## Aim of the task:
Starting from the line in which "생태계서비스 평가지도 구축" appears, set down each line exactly through the end of the listing, and nothing else. Leave out pictures.

## Given information:

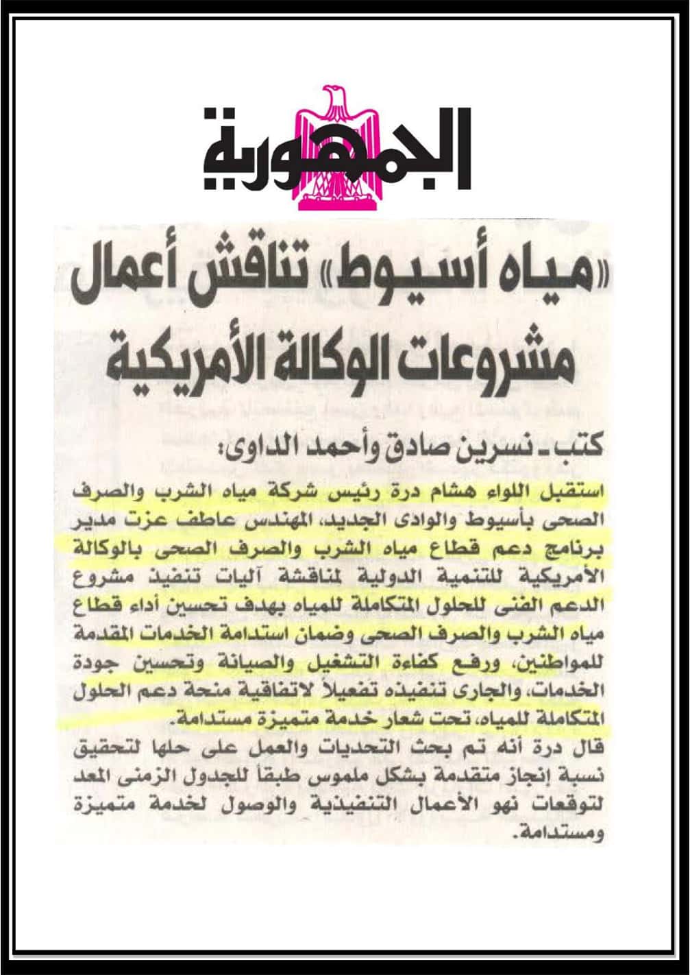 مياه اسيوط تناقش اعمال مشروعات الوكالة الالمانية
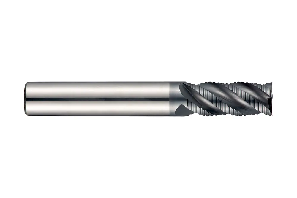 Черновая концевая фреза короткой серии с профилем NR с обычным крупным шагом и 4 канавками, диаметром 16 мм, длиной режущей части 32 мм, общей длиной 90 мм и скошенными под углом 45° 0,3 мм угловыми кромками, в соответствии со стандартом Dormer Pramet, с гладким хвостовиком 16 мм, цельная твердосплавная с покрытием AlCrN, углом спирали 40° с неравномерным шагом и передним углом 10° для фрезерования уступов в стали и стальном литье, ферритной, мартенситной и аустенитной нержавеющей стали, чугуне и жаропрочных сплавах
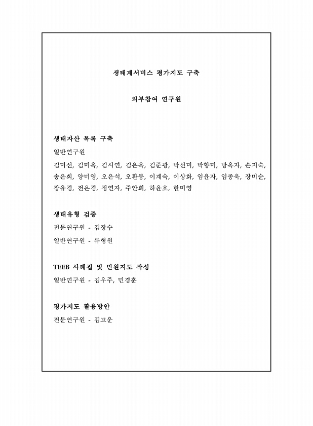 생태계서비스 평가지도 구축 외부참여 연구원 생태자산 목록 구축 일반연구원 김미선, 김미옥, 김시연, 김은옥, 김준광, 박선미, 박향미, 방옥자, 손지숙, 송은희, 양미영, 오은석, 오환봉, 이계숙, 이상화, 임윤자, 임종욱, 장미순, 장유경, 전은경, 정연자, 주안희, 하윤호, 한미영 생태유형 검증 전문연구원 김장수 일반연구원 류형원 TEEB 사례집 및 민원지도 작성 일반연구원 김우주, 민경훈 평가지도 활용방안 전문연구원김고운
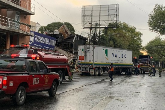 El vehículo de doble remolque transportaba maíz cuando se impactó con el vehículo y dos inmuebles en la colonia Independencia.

## Task response:
 생태계서비스 평가지도 구축 외부참여 연구원 생태자산 목록 구축 일반연구원 김미선, 김미옥, 김시연, 김은옥, 김준광, 박선미, 박향미, 방옥자, 손지숙, 송은희, 양미영, 오은석, 오환봉, 이계숙, 이상화, 임윤자, 임종욱, 장미순, 장유경, 전은경, 정연자, 주안희, 하윤호, 한미영 생태유형 검증 전문연구원 김장수 일반연구원 류형원 TEEB 사례집 및 민원지도 작성 일반연구원 김우주, 민경훈 평가지도 활용방안 전문연구원김고운
 El vehículo de doble remolque transportaba maíz cuando se impactó con el vehículo y dos inmuebles en la colonia Independencia.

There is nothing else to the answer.